-- Exercise details --
I would like the lines below, from the one with "e estremità girevole" through the one with "LAPOINTE Virgin Wool Coat Blue", copied exactly and without any pictures.

──────

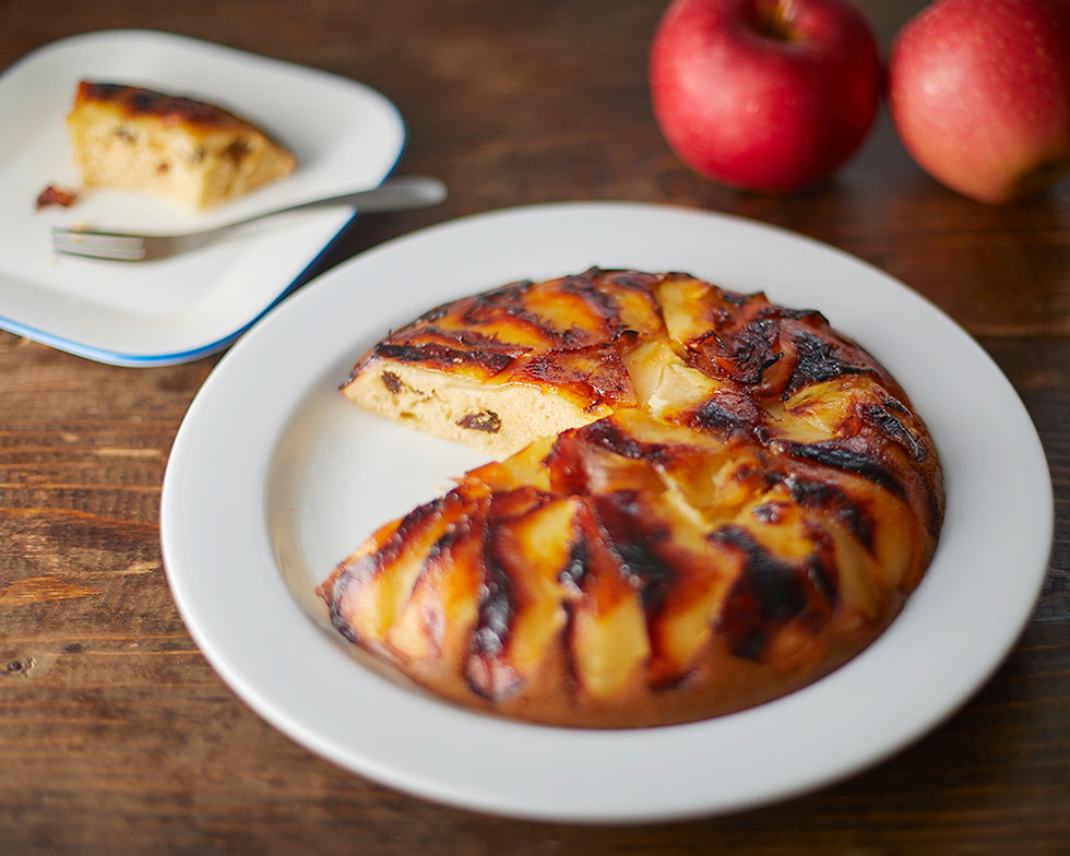 フライパンで作ったカラメルアップルパンケーキ タタン風。
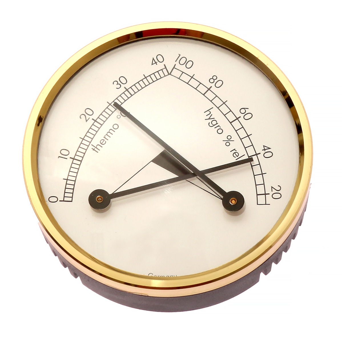 Niezawodny wskaźnik do pomiaru temperatury i wilgotności powietrza. Termohigrometr zbudowany jest z tarczy zegarowej i dwóch oddzielnych wskaźników, które informują o bieżącej temperaturze i wilgotności powietrza.
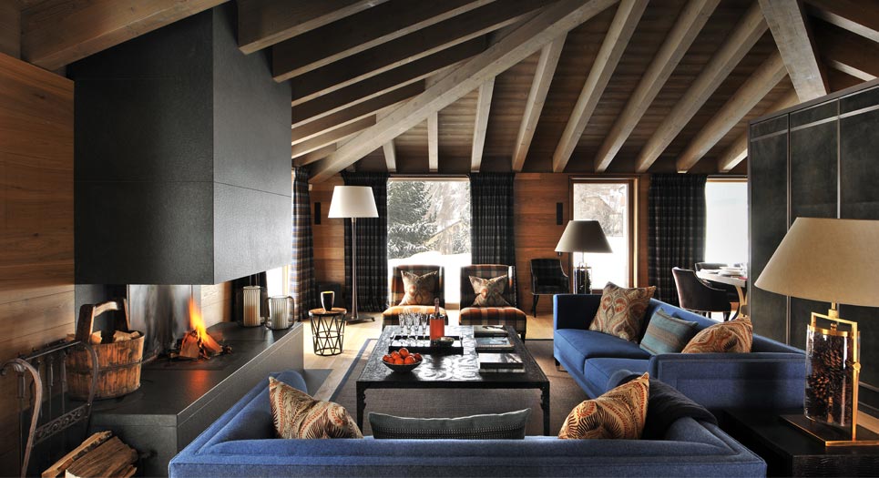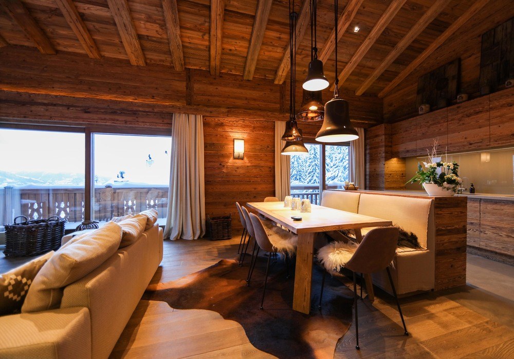 В интерьере часто используют необработанные материалы: некрашеные деревянные полы, стены отштукатуренные или облицованные деревом, но без окончательной отделки, выступающие потолочные балки, большой камин, грубо облицованный природным камнем. Все предметы в интерьере кажутся прочными, устойчивыми, массивными, надежными. Именно эти принципы стиля шале сделали его таким популярным при оформлении загородных домов.
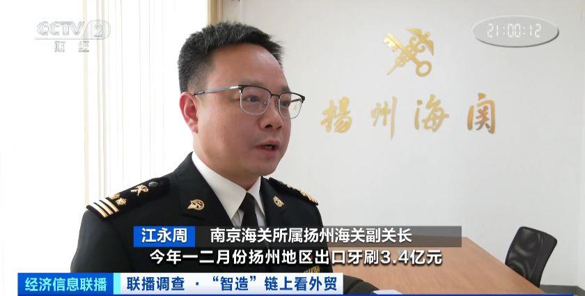 南京海关所属扬州海关副关长 江永周:今年一二月份扬州地区出口牙刷3.4亿元,同比增长26.5%,主要出口到美洲和东南亚地区。
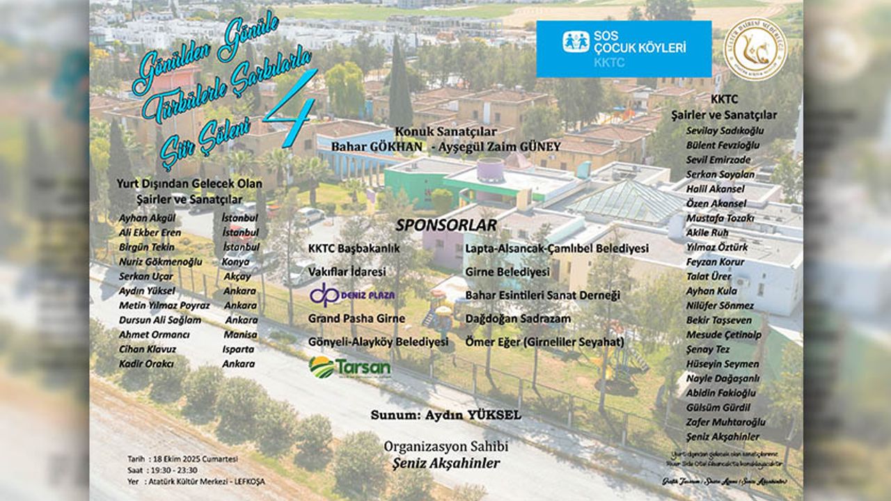 “Gönülden Gönüle Türkülerle Şarkılarla Şiir Şöleni" SOS Çocuk Köyleri yararına 18 Ekim Cumartesi günü düzenlenecek.
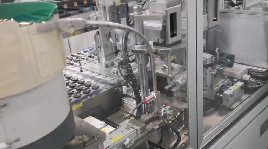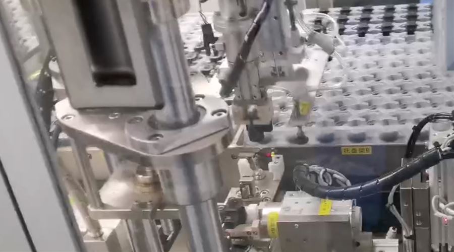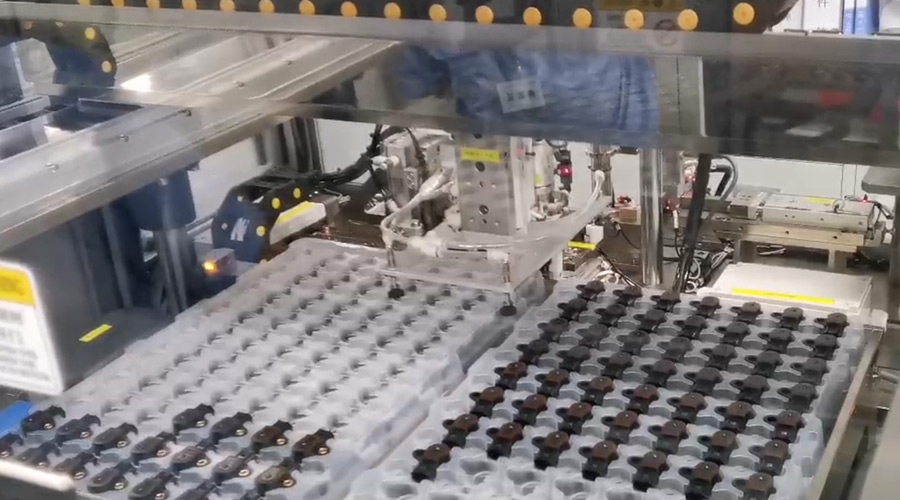 机械部分朵用 TOYO模组,SMC滑台气缸,MSQ摆台气缸,MRHQ摆动气爪,磁偶气缸,ZP系列真空吸盘。振动盘供料,仿型夹爪取放料,原料托盘循环使用。
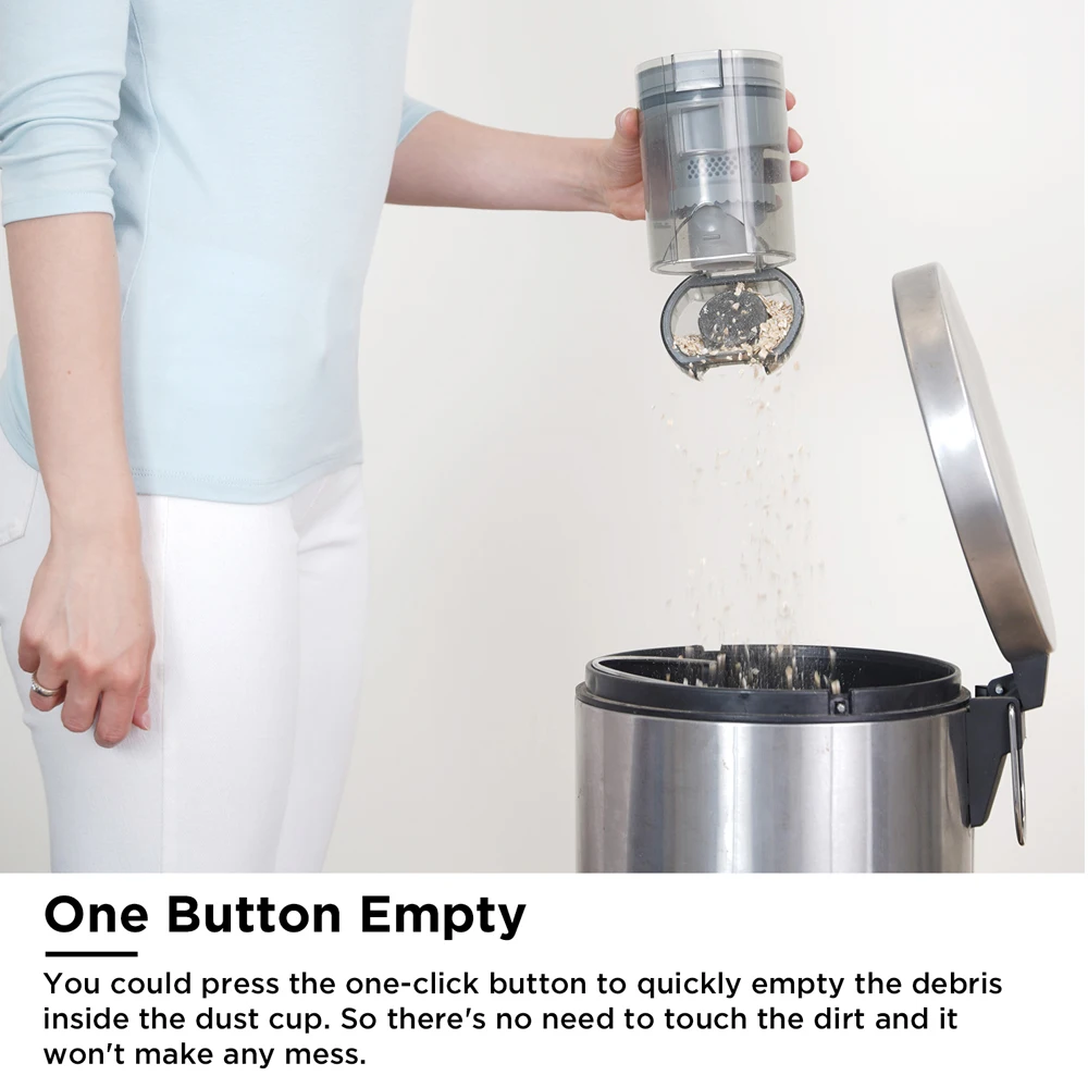 купили из-за интереса, и теперь это не заменимый помощник. Детки что-то рассыпали, достала, включила, по быстрому пропылесосила и готово, ни каких сборок и разборов и тырканий в розетку как в старом на колесиках. При долгой уборке рука не устает, не нужно нагибаться спина не напрягается. Есть индикация зарядки, гадать не придется когда он выключится или на сколько хватит. Контейнер достается и моется легко.
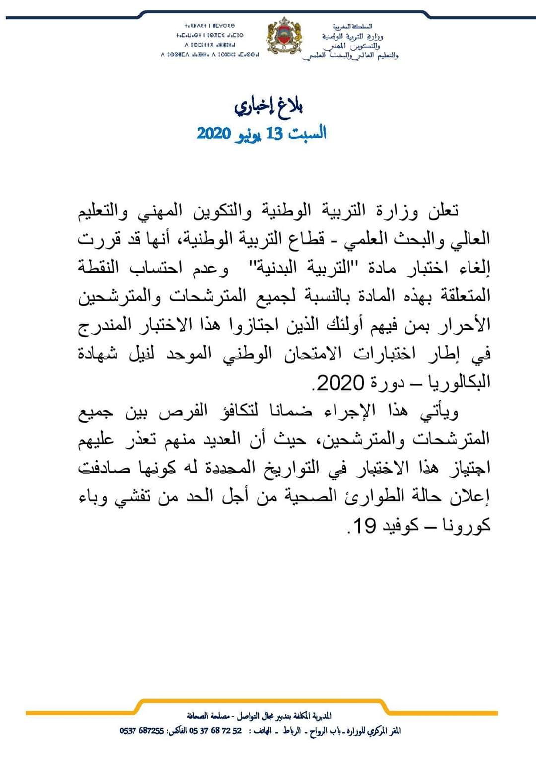 تعلن وزارة التربية الوطنية والتكوين المهني والتعليم العالي والبحث العلمي – قطاع التربية الوطنية، أنها قد قررت إلغاء اختبار مادة “التربية البدنية” وعدم احتساب النقطة المتعلقة بهذه المادة بالنسبة لجميع المترشحات والمترشحين الأحرار بمن فيهم أولئك الذين اجتازوا هذا الاختبار المندرج في إطار اختبارات # الامتحان الوطني الموحد لنيل شهادة البكالوريا – دورة 2020.
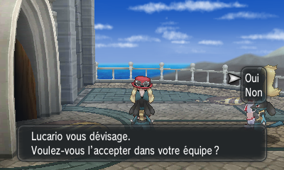 Une fois que vous avez vaincu Cornélia dans son arène à Yantreizh, elle vous attend à la Tour Maîtrise pour un combat de Lucario Méga-évolués. À l'issue, elle vous offre l'un des deux Lucario, tenant une Lucarite.
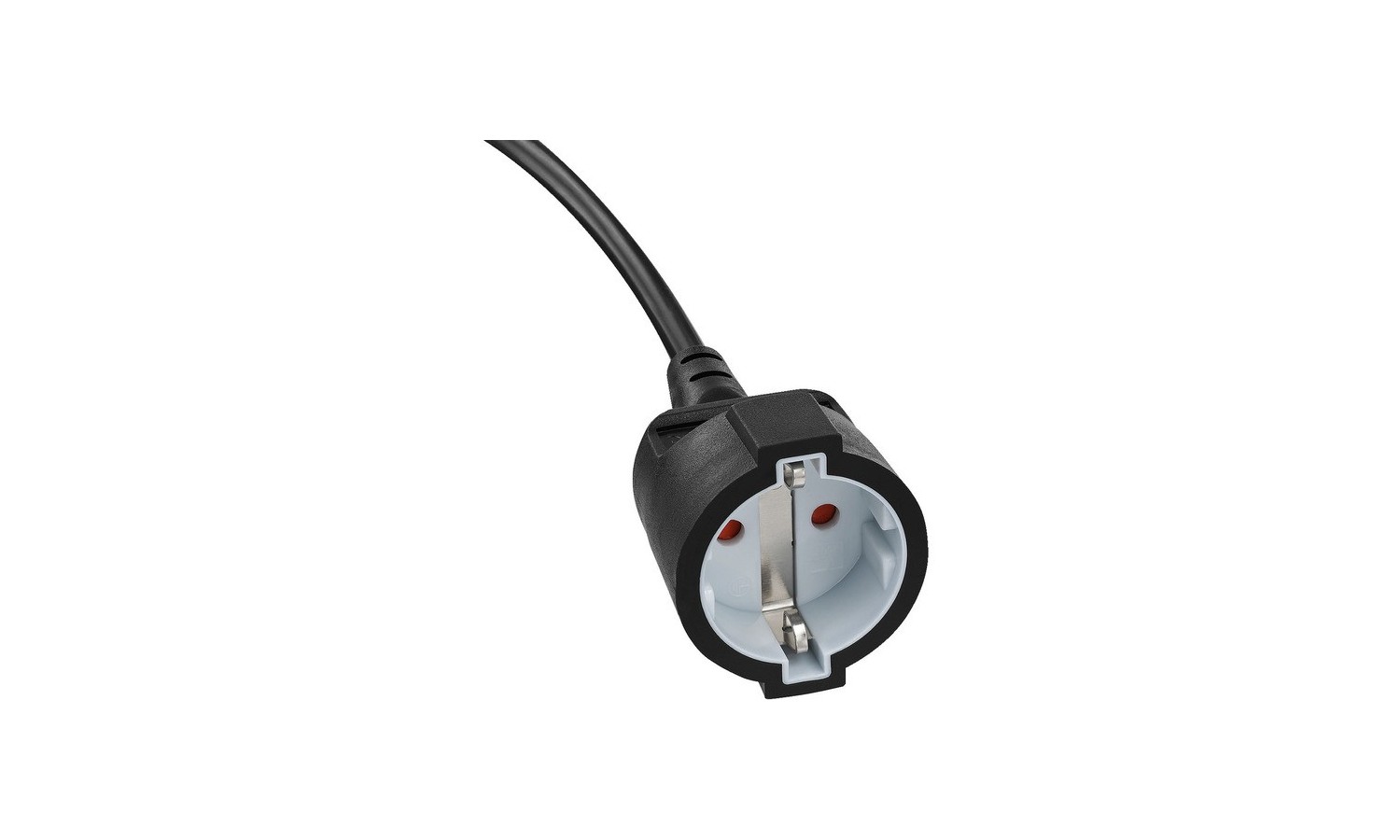 • Ingombri ridotti grazie alla spina piatta ad angolo retto con contatto di terra e estremità girevole
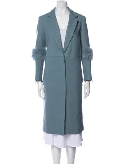 LAPOINTE Virgin Wool Coat Blue Fur Trim & Pointed Collar Long Slit Pockets & Button Closure Fit: Coats by LAPOINTE typically fit true to size. | LAPOINTE Virgin Wool Coat in Blue, Women's US 4 | S
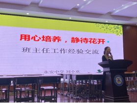 主持人黄莹代表永安中学对同学们的到来表达了热烈的欢迎。刘小欢老师做了主题为班主任工作的讲座,刘老师从“用爱心浇灌花朵”、“用智慧管理班级”、“用活动促进成长”、“用学习成就你我”四个方面概括了自己作为班主任的工作经验。她详细地讲述了如何开展班主任工作,在分享对工作独到理解的同时,也帮助同学们充分了解班主任工作,引发了同学们对班主任工作的深入思考,初步培养了同学们的班级管理能力。刘老师的分享结束后,黄副校长就学生们心中对班主任工作的疑问进行了解答。黄副校长最后的“立责于心,履责于心”的寄语也代表对同学们未来成为优秀班主任的殷切期望。
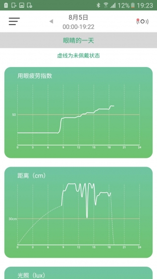 1.实时记录每日用眼疲劳指数、阅读时长、阅读距离、阅读光照和白天户外活动情况。

──────

-- Finished exercise --
 • Ingombri ridotti grazie alla spina piatta ad angolo retto con contatto di terra e estremità girevole
 LAPOINTE Virgin Wool Coat Blue Fur Trim & Pointed Collar Long Slit Pockets & Button Closure Fit: Coats by LAPOINTE typically fit true to size. | LAPOINTE Virgin Wool Coat in Blue, Women's US 4 | S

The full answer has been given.